6. infrared image pedestrian detection method according to claim 5, it is characterised in that: in step S2, the target inspection The full convolutional network that FIDN network is made of 7 layers of 1*1 convolution or 3*3 convolutional network is surveyed, the candidate frame on image is direct It is generated on original image, generation method is as follows:

B2: in the different candidate frame of each Area generation several length-width ratios, the rectangle that specific length-width ratio is marked according to data set Frame is obtained using k-means algorithm；

B3: it is distributed according to the size that real data collection calculates priori candidate frame, uses (1-IoU) as distance metric, wherein IoU It indicates the friendship of area between priori candidate frame and the rectangle frame of label and ratio, calculation formula is as follows:

Wherein, A indicates that priori candidate frame, B indicate that the rectangle frame of label, ∩ indicate the intersection of A and B, and ∪ indicates the union of A and B.

7. infrared image pedestrian detection method according to claim 6, it is characterised in that: the target detection FIDN network Using lightweight convolutional neural networks as backbone network, according to algorithm of target detection, predicted using the convolution of a 1*1, The positioning loss function of the algorithm of target detection are as follows:

Wherein, λ is coefficient of the control positioning loss in total loss accounting, and S indicates the size of the characteristic pattern of last convolution, A indicates the number of each Area generation anchor frame,It is a 0-1 function, if there is target in the region of the i-th row j column, value is 1, otherwise value 0, x, y, h, w respectively indicate the height and width of the coordinate of central point, prediction block, wherein lower marker tape ^ expression is true Value, the expression predicted value not with ^.
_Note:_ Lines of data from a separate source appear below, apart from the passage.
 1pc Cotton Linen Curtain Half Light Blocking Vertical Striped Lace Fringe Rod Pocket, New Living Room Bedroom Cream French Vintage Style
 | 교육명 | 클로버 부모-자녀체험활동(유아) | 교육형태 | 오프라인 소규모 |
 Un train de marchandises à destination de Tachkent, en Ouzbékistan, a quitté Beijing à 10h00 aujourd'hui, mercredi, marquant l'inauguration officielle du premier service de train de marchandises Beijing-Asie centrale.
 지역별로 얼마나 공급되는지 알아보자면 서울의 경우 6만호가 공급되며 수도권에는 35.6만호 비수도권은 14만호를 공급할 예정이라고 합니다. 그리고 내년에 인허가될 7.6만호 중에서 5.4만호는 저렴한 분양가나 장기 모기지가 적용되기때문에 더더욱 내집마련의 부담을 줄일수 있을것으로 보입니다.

8. infrared image pedestrian detection method according to claim 1-3, it is characterised in that: in step S3, institute It states model training and refers to training of starting from scratch, the method that weight parameter uses random initializtion passes through left and right overturning, random sanction Cut, color jitter to data carry out data enhancement operations, pass through continuous regularized learning algorithm rate, batch size, the super ginseng of optimization method Number carrys out training objective and detects FIDN network.

9. infrared image pedestrian detection method according to claim 8, it is characterised in that: in step S4, the prediction side Method are as follows: the forward direction for constructing network infers that process, input parameter are image data, are returned as prediction result, is carrying out mesh to video When mark detection, Kalman filter is added and is tracked.
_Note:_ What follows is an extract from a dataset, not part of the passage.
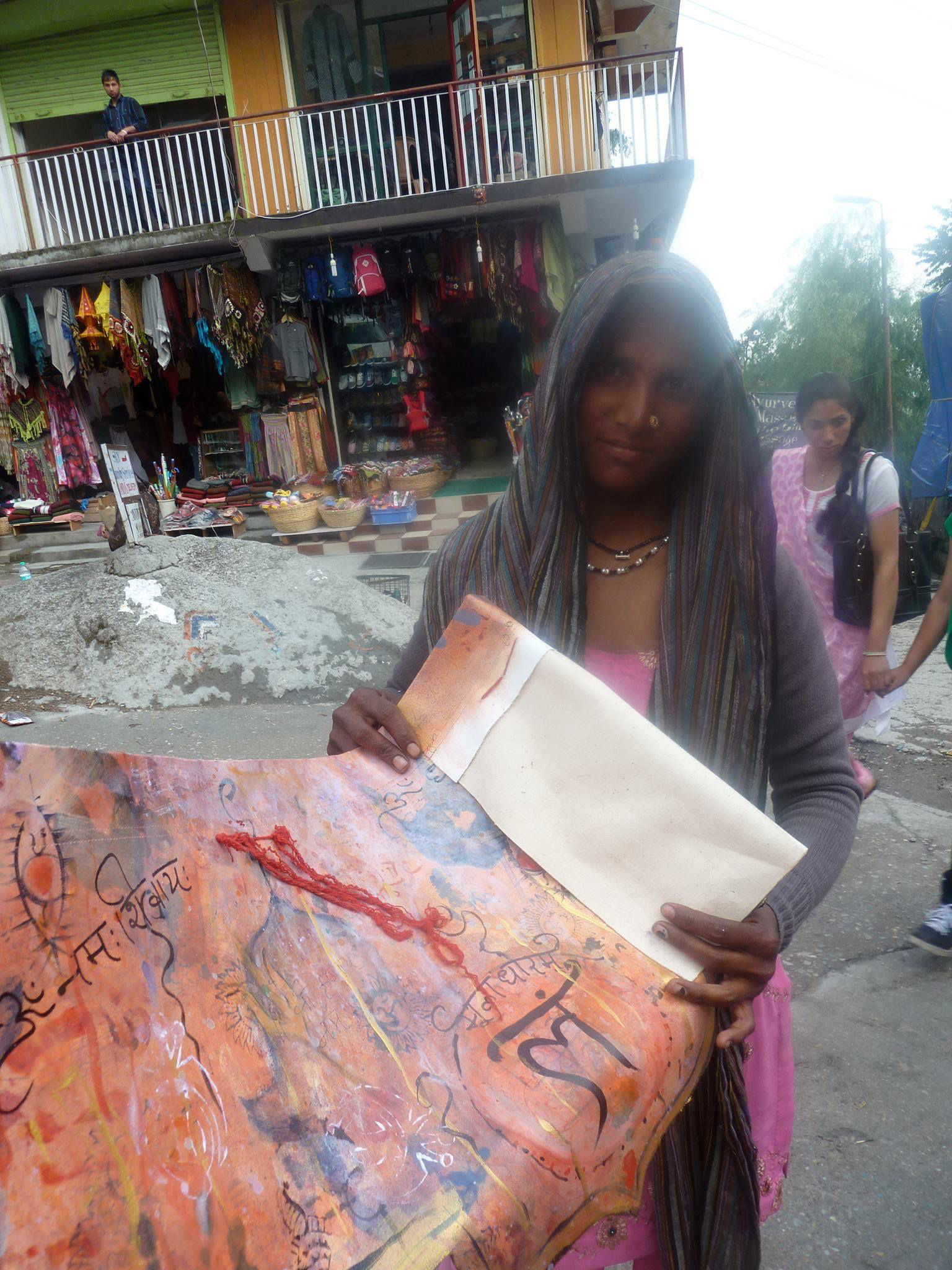Every day, this young mother had her baby with her as she laid out her hand-carved stamps on the side of the road.

10. a kind of detection system for realizing the described in any item infrared image pedestrian detection methods of claim 1-9, feature exist In, comprising:

Obtain data module: for obtaining the infrared image comprising pedestrian；

Data preprocessing module: it is manually marked for being pre-processed to infrared image, and to pretreated infrared image Then note is divided into the training set of detection model according to setting ratio and verifying collects；

Construct target detection FIDN network module: for constructing target detection FIDN network, the mesh based on convolutional neural networks Mark detection FIDN network includes several layers convolutional layer and maximum pond layer, and setting in convolutional layer and the subsequent expansion of maximum pond layer Convolutional layer, in the stacking of convolutional layer, when port number reaches setting value, the port number for expanding convolutional layer is not further added by；

Model training module: it for carrying out model training to target detection FIDN network using training set, and selects and collects in verifying Show optimal optimal models；

Optimal models prediction module: being based on optimal models, predicted on GPU server, realizes and carries out target to video flowing Detection.